Records from a data collection
>>>>
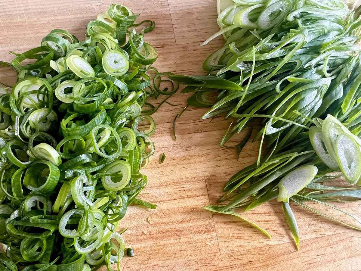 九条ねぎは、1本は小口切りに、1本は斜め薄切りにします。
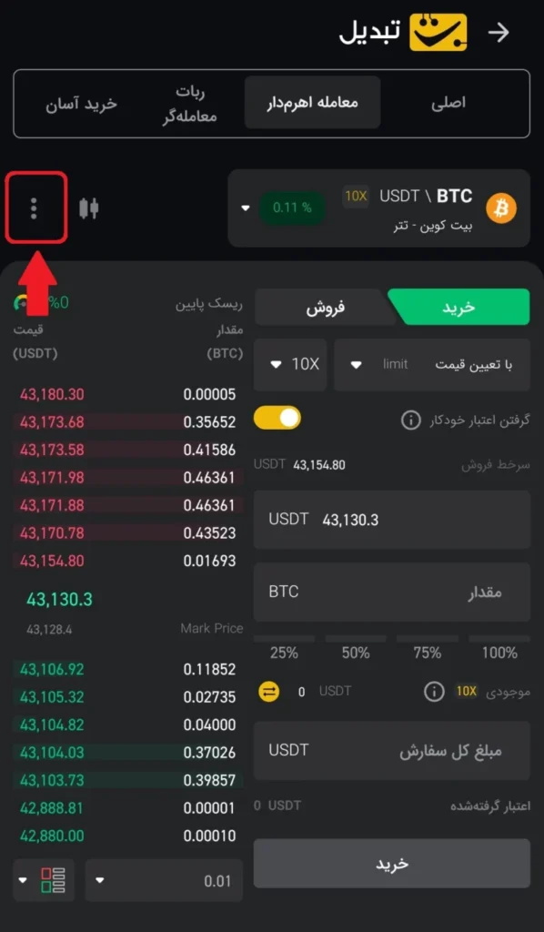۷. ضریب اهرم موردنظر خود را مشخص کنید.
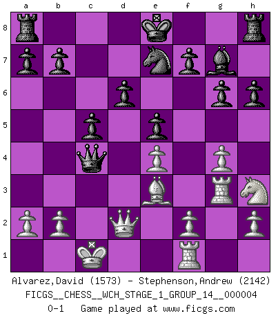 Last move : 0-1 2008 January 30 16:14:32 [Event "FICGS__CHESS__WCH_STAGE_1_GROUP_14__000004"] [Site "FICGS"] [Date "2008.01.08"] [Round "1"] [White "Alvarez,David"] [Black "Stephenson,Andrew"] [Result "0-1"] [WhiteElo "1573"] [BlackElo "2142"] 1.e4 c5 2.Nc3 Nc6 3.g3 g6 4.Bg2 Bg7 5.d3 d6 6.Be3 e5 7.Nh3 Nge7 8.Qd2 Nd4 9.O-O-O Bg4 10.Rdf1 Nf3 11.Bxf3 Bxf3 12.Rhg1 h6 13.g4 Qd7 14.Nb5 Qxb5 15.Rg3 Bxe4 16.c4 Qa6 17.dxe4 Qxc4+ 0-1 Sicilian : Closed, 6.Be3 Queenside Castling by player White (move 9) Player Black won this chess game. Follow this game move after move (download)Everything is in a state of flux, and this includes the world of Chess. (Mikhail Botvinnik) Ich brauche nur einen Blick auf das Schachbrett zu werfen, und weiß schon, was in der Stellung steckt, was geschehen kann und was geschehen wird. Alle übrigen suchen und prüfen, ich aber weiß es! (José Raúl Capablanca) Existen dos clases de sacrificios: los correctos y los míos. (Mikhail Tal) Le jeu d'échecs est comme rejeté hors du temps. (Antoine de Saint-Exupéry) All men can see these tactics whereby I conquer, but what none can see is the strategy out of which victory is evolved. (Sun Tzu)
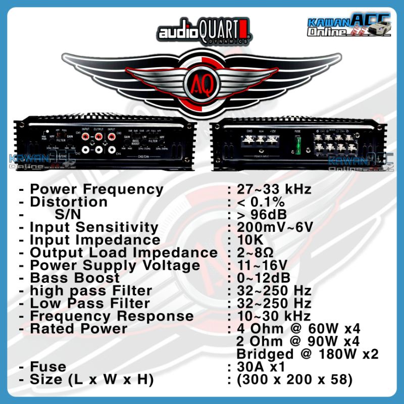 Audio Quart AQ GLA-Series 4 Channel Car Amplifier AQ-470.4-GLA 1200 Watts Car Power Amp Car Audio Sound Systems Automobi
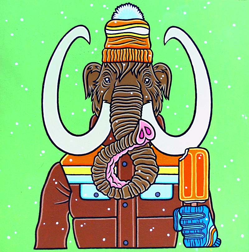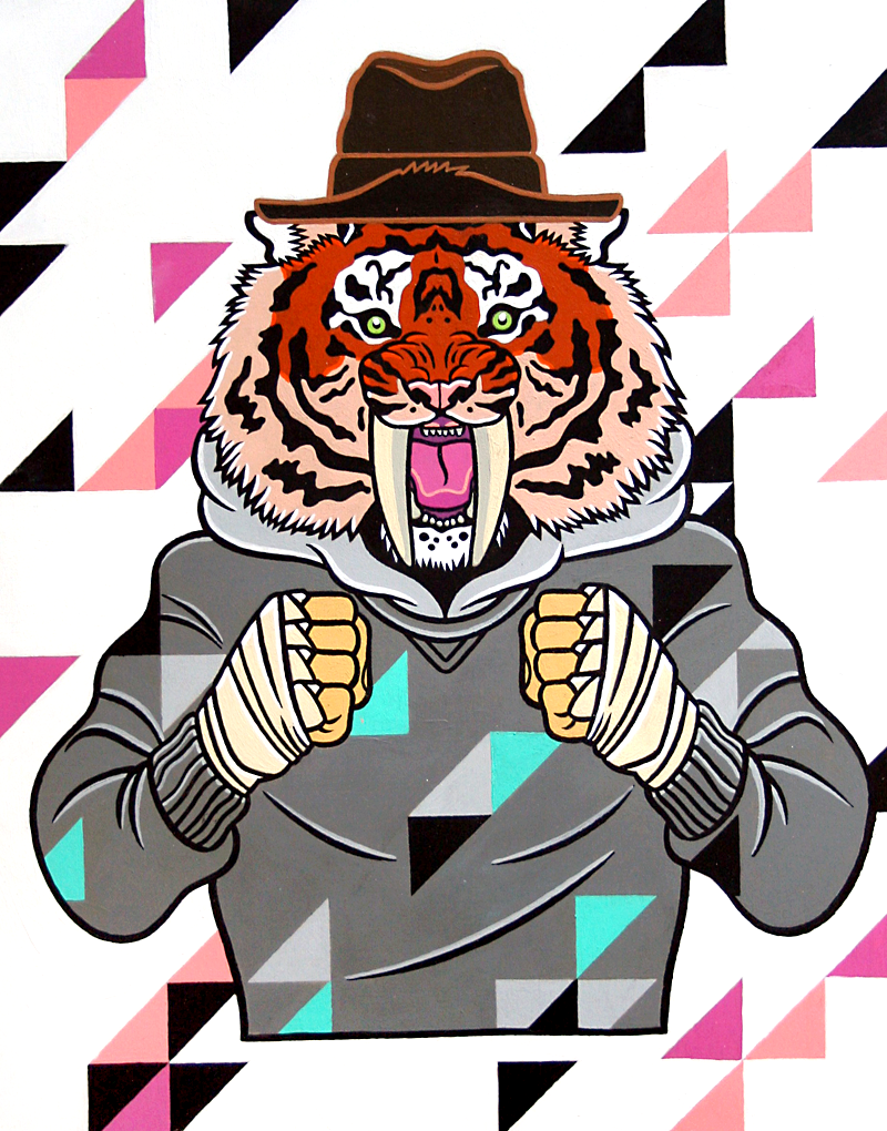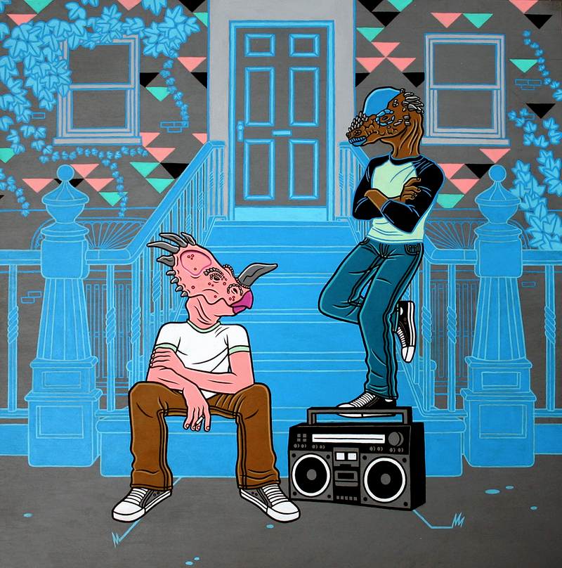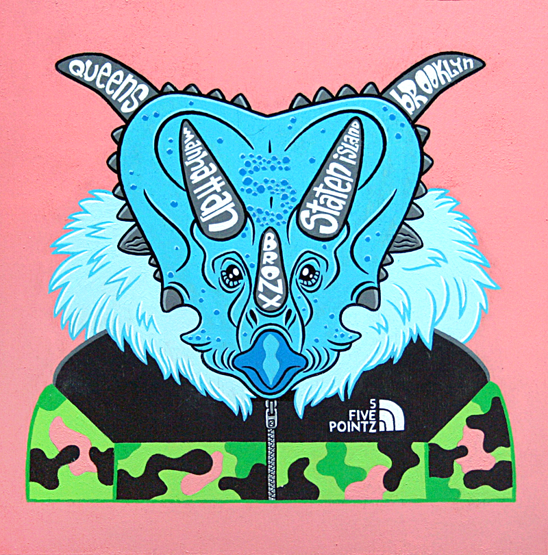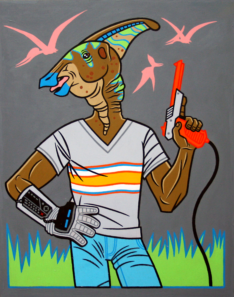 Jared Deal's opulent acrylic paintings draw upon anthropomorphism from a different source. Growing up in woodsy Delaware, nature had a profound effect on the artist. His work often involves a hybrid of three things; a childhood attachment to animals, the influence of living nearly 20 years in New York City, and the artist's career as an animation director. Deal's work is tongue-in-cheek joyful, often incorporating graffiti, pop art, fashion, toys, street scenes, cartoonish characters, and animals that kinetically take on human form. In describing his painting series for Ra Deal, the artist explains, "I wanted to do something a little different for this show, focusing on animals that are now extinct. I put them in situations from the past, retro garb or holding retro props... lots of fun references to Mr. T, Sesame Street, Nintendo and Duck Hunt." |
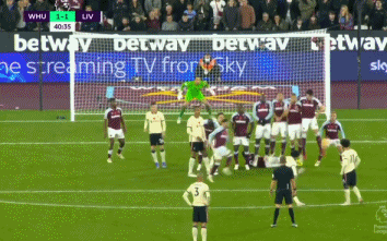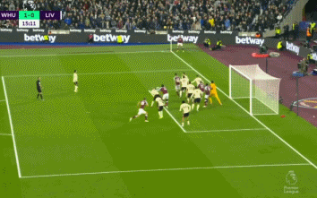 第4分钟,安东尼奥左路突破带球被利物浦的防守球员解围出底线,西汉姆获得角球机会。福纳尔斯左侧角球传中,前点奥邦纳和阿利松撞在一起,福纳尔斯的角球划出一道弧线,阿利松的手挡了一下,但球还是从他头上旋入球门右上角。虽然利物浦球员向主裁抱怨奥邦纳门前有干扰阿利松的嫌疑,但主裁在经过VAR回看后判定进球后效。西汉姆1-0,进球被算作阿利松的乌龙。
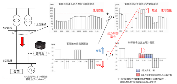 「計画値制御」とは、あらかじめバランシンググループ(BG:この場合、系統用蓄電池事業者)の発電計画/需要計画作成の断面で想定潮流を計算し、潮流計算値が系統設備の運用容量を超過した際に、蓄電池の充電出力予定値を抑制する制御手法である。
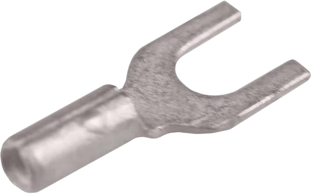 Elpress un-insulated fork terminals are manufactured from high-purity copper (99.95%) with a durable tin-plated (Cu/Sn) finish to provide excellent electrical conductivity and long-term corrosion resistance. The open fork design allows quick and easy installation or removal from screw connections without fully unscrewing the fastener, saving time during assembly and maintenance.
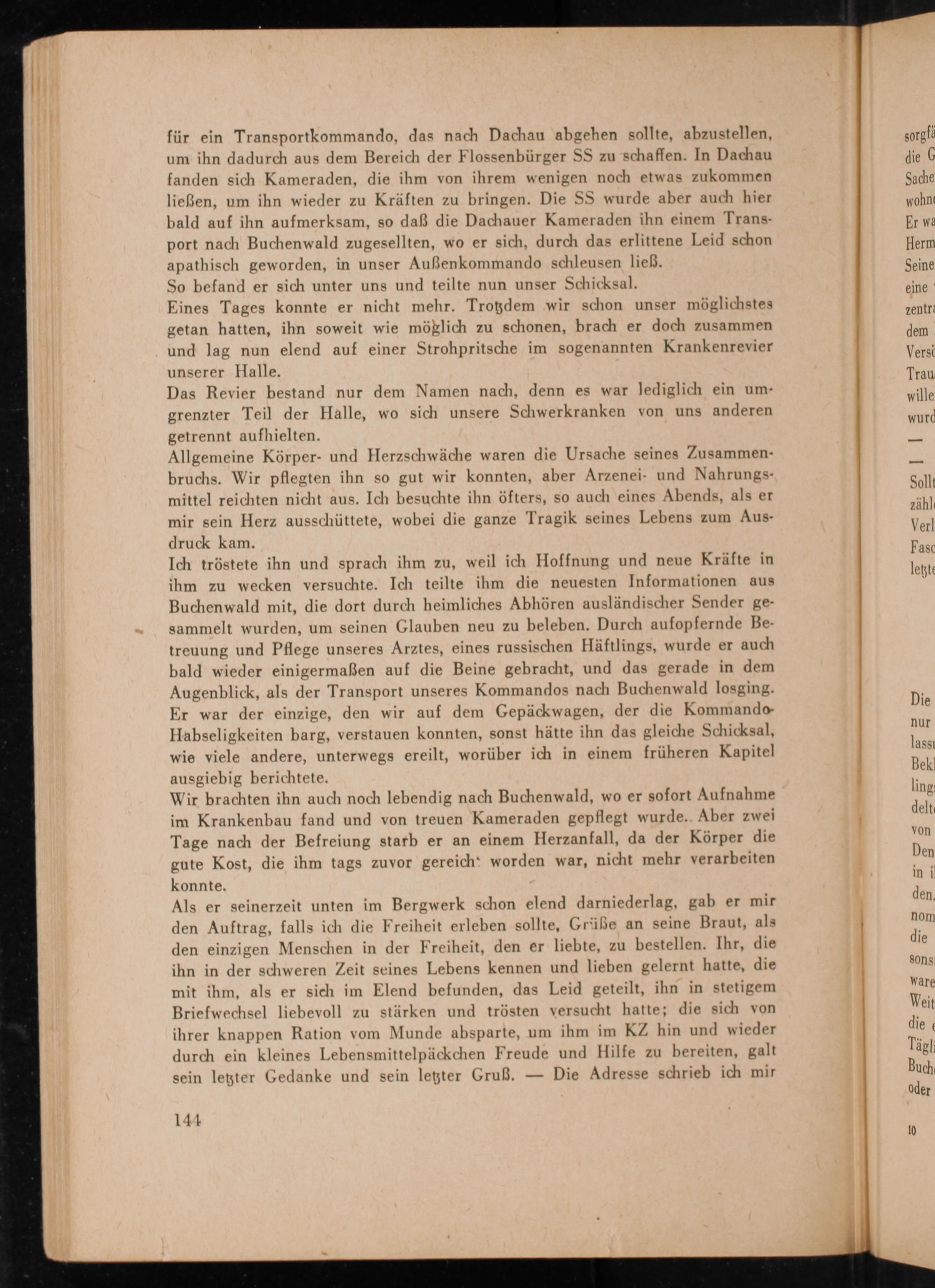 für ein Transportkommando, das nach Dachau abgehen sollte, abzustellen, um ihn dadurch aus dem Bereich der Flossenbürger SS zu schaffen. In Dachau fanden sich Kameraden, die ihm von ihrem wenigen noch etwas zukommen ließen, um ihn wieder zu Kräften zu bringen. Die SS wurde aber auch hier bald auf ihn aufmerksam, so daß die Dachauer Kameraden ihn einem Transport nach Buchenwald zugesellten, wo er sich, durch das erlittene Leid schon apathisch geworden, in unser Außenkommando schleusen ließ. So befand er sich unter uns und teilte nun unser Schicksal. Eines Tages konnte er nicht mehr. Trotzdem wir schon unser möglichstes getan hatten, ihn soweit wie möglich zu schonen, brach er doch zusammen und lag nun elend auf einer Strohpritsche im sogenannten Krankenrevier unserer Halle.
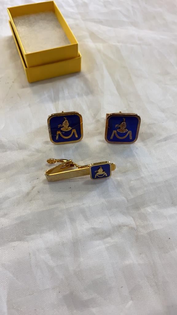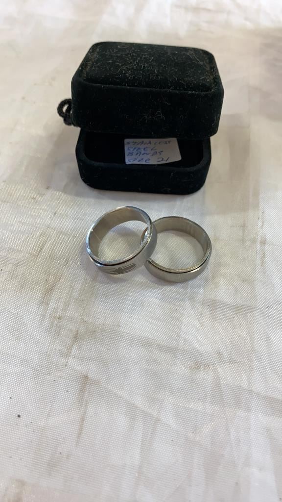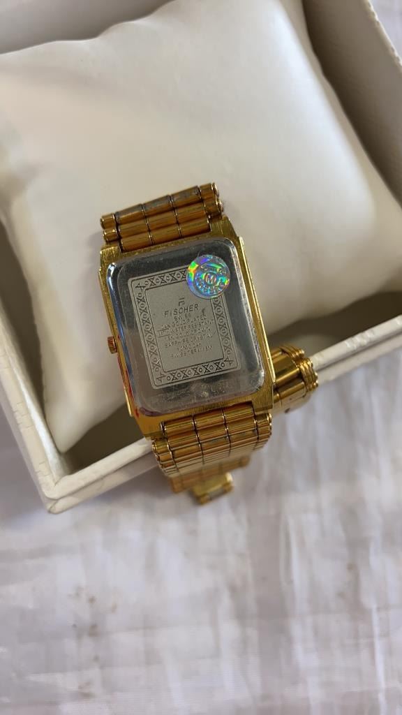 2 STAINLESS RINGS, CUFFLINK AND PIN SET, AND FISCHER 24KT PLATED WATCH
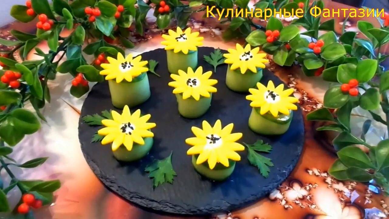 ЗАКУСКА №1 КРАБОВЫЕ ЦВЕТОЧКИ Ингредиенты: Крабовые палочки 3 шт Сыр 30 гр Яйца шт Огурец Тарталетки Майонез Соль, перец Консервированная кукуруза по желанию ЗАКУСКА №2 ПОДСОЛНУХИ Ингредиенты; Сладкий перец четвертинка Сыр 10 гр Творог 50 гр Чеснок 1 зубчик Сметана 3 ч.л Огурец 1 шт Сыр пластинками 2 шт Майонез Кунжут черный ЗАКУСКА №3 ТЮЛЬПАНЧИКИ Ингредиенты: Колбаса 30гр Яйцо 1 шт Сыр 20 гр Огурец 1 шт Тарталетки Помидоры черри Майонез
<<<<
→ **Task description**:
Exactly repeat only the lines from the one with "Elpress un-insulated fork" to the closing line above, both included, and omit every picture.

→ **Task response**:
 Elpress un-insulated fork terminals are manufactured from high-purity copper (99.95%) with a durable tin-plated (Cu/Sn) finish to provide excellent electrical conductivity and long-term corrosion resistance. The open fork design allows quick and easy installation or removal from screw connections without fully unscrewing the fastener, saving time during assembly and maintenance.
 für ein Transportkommando, das nach Dachau abgehen sollte, abzustellen, um ihn dadurch aus dem Bereich der Flossenbürger SS zu schaffen. In Dachau fanden sich Kameraden, die ihm von ihrem wenigen noch etwas zukommen ließen, um ihn wieder zu Kräften zu bringen. Die SS wurde aber auch hier bald auf ihn aufmerksam, so daß die Dachauer Kameraden ihn einem Transport nach Buchenwald zugesellten, wo er sich, durch das erlittene Leid schon apathisch geworden, in unser Außenkommando schleusen ließ. So befand er sich unter uns und teilte nun unser Schicksal. Eines Tages konnte er nicht mehr. Trotzdem wir schon unser möglichstes getan hatten, ihn soweit wie möglich zu schonen, brach er doch zusammen und lag nun elend auf einer Strohpritsche im sogenannten Krankenrevier unserer Halle.
 2 STAINLESS RINGS, CUFFLINK AND PIN SET, AND FISCHER 24KT PLATED WATCH
 ЗАКУСКА №1 КРАБОВЫЕ ЦВЕТОЧКИ Ингредиенты: Крабовые палочки 3 шт Сыр 30 гр Яйца шт Огурец Тарталетки Майонез Соль, перец Консервированная кукуруза по желанию ЗАКУСКА №2 ПОДСОЛНУХИ Ингредиенты; Сладкий перец четвертинка Сыр 10 гр Творог 50 гр Чеснок 1 зубчик Сметана 3 ч.л Огурец 1 шт Сыр пластинками 2 шт Майонез Кунжут черный ЗАКУСКА №3 ТЮЛЬПАНЧИКИ Ингредиенты: Колбаса 30гр Яйцо 1 шт Сыр 20 гр Огурец 1 шт Тарталетки Помидоры черри Майонез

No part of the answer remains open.